--- START ---
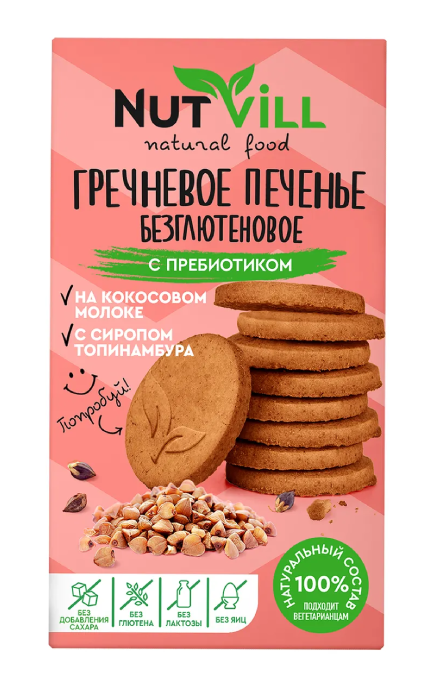 Печенье гречневое NutVill с пребиотиком, разработано по уникальному рецепту при участии диетологов. По-настоящему здоровый перекус и вкусное лакомство без сахара, лактозы, яиц, красителей и консервантов. Идеальное печенье для тех, кто следит за своим питанием, но не готов отказываться от сладкого вкуса. Подходит веганам и вегетарианцам.
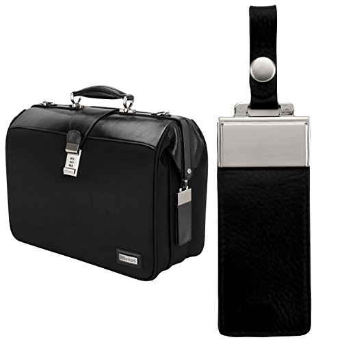 -. Feature : Nostalgic computer/doctor bag with locking closure / Exterior back zip pocket, zippered, padded laptop compartment / Interior mesh pocket, multiple interior accessory holders / Paded carry handle, removable and adjustable padded shoulder strap / Matching lage tag included.
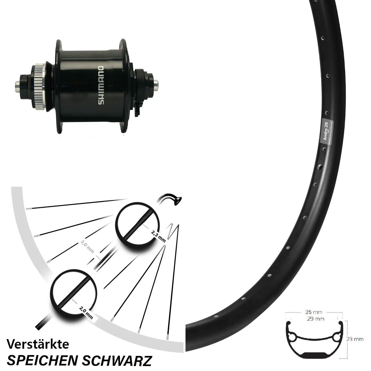 27,5 Zoll Nabendynamo Vorderrad Shimano DH-UR700-3D Ryde Andra 29D mit verstÀrkten Speichen
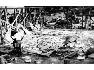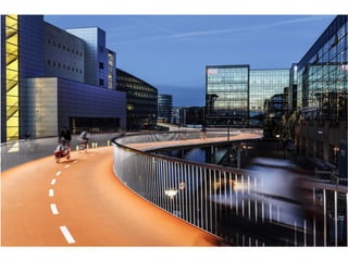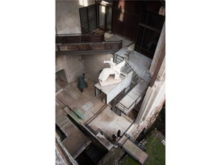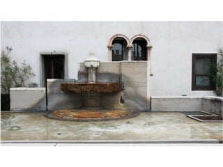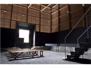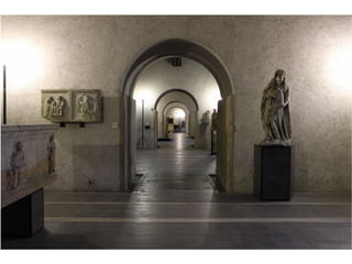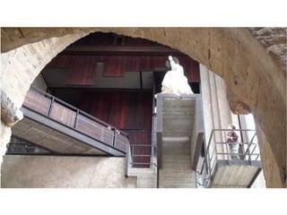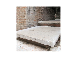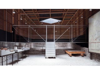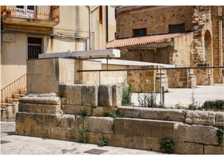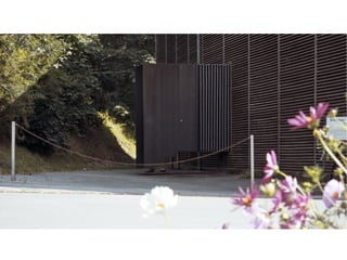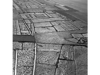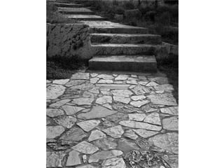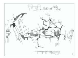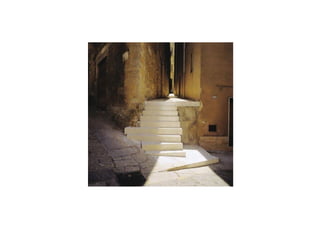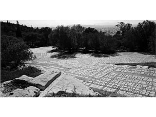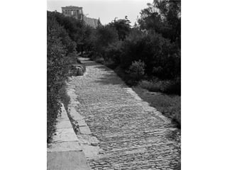 The document discusses various architectural and landscaping projects, highlighting the work of Dimitris Pikionis on the Acropolis of Athens, emphasizing the intentional integration of landscape features with pathways. It also mentions projects by notable architects such as Carlo Scarpa and Peter Zumthor, illustrating their approach to creating spaces that harmonize with historical and natural contexts. The overall theme reflects on how design influences the perception of space and time in urban environments.
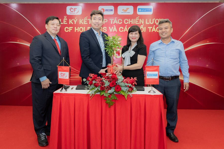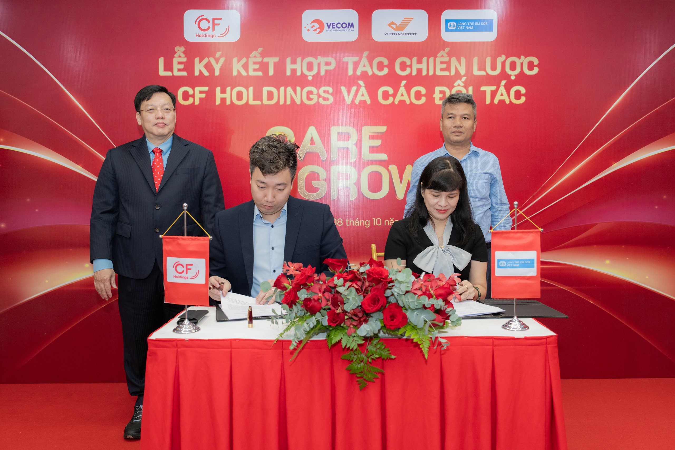Sáng ngày 8/10, bà Lê Minh Giang - Giám đốc Quốc gia Làng trẻ em SOS Việt Nam và ông Hoàng Long - Giám đốc Làng trẻ em SOS Gò Vấp đã tham dự buổi ký kết hợp tác chiến lược của Tập đoàn CF Holdings với các doanh nghiệp và tổ chức, bao gồm Hiệp hội Thương mại Điện tử Việt Nam (Vecom), Bưu điện Trung tâm Việt Nam - Chi nhánh Tổng Công ty Bưu điện Việt Nam (VNPost) và Làng trẻ em SOS Việt Nam.
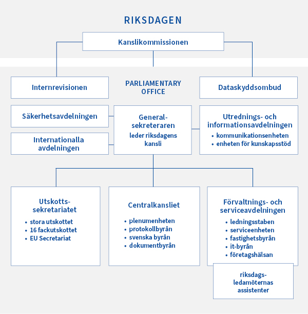 Riksdagens kansli leds av riksdagens generalsekreterare Maija-Leena Paavola. Kansliet har sex verksamhetsenheter som har hand om lagstiftningsarbete, utskottsarbete, internationella ärenden, informations- och utredningtjänster, förvaltning  och säkerhet.
--- END ---
[PROMPT]: Skipping the pictures, output the entries exactly as they appear above.

[REPLY]:
 Печенье гречневое NutVill с пребиотиком, разработано по уникальному рецепту при участии диетологов. По-настоящему здоровый перекус и вкусное лакомство без сахара, лактозы, яиц, красителей и консервантов. Идеальное печенье для тех, кто следит за своим питанием, но не готов отказываться от сладкого вкуса. Подходит веганам и вегетарианцам.
 -. Feature : Nostalgic computer/doctor bag with locking closure / Exterior back zip pocket, zippered, padded laptop compartment / Interior mesh pocket, multiple interior accessory holders / Paded carry handle, removable and adjustable padded shoulder strap / Matching lage tag included.
 27,5 Zoll Nabendynamo Vorderrad Shimano DH-UR700-3D Ryde Andra 29D mit verstÀrkten Speichen
 The document discusses various architectural and landscaping projects, highlighting the work of Dimitris Pikionis on the Acropolis of Athens, emphasizing the intentional integration of landscape features with pathways. It also mentions projects by notable architects such as Carlo Scarpa and Peter Zumthor, illustrating their approach to creating spaces that harmonize with historical and natural contexts. The overall theme reflects on how design influences the perception of space and time in urban environments.
Sáng ngày 8/10, bà Lê Minh Giang - Giám đốc Quốc gia Làng trẻ em SOS Việt Nam và ông Hoàng Long - Giám đốc Làng trẻ em SOS Gò Vấp đã tham dự buổi ký kết hợp tác chiến lược của Tập đoàn CF Holdings với các doanh nghiệp và tổ chức, bao gồm Hiệp hội Thương mại Điện tử Việt Nam (Vecom), Bưu điện Trung tâm Việt Nam - Chi nhánh Tổng Công ty Bưu điện Việt Nam (VNPost) và Làng trẻ em SOS Việt Nam.
 Riksdagens kansli leds av riksdagens generalsekreterare Maija-Leena Paavola. Kansliet har sex verksamhetsenheter som har hand om lagstiftningsarbete, utskottsarbete, internationella ärenden, informations- och utredningtjänster, förvaltning  och säkerhet.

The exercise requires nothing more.